Members are organized in a hierarchy
* bars into cities, cities into states, etc.
* beers into manufacturers, manufacturers into countries
Some dimensions may permit multiple hierarchies:
* days into months, months into quarters; days also into weeks, etc.
These hierarchies alow us to visualize data at multiple granularities
* eg. the sales of all Czech beers in Joe's bar during Q2 of 2014

### Aggregation
**Drill-down** is to *de-aggregate* data  
**Roll-up** is to *aggregate* data along one or more dimensions

#### Example

Bar        | Jim | Bob | Mary
-----------|-----|-----|-----
Joe's Bar  | 45  | 33  | 30
Nut House  | 50  | 36  | 42
Blue Chalk | 38  | 31  | 40

**Roll up by Bar:**

Jim | Bob | Mary
----|-----|-----
133 | 100 | 112

**Drill down by Beer**:


Beer     | Jim | Bob | Mary
---------|-----|-----|-----
Bud      | 40  | 29  | 40
M'lob    | 45  | 31  | 37
Bud Lite | 48  | 40  | 35

Notice how in order to drill down, you need access to some additional data that's probably stored in another cube somewhere.

#### Example
**Measure**: Sales  
**Dimensions**
* Products (key: *pid*)
* Locations (*locid*)
* Times (*timeid*)



# Fact and Dimension Tables

#### Example
Fact tables (can be combined into one)
* `Sales(*pid, *timeid, *locid, sales)`
* `Profits(*pid, *timeid, *locid, profit)`
* `Costs(*pid, *timeid, *locid, cost)`

Dimension Tables
* `Locations(*locid, city, state, country)`
* `Products(*pid, pname, category, price)`
* `Times(*timeid, date, week, month, year, holiday_flag)`

## Date/Time Dimension
Date/Time is a special kind of dimension
* eg. fixed attribute values (November always has 30 days, leap years are known, etc)

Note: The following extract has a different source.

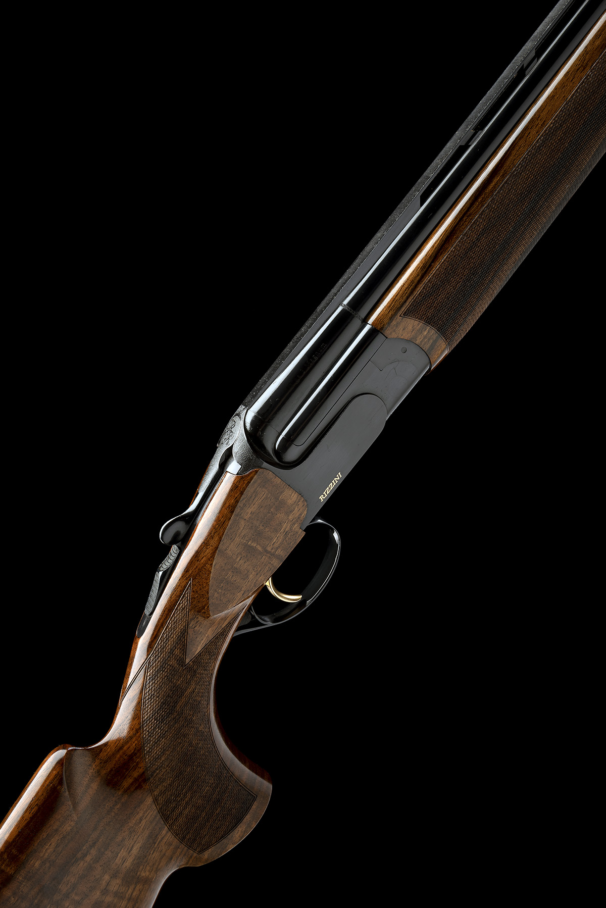 for 2016, 30in. high performance steel nitro reproved barrels (in 2022) with 11mm ventilated matt top-rib with high visibility fore-sight, 3in. chambers, protruding multichokes (with spares), hold-open toplever, manual safety with integral triggerplate release catch, gold-washed single trigger with triggerplate mounted selector switch, plain black action gold-inlaid with the makers name and model designation, 15 1/4in. pistolgrip stock with palm swell and including 1/2in. rubber recoil pad, weight 8lb. 8oz., in its universal case with paperwork

Some useful OLAP functions:
* eg. durations/timespans, fiscal years, calendar years

Used in **role-playing**
* eg. used in OrderDate, ShippingDate, DueDate

## Modelling of Dimensions
Two main models:

### Star Schema: table per dimension
* simplicity 
* easier to formulate queries (one join per dimension, AKA **star join**)
* poor modelling capabilities: what if dimension hiearchy is unbalanced or heterogenous?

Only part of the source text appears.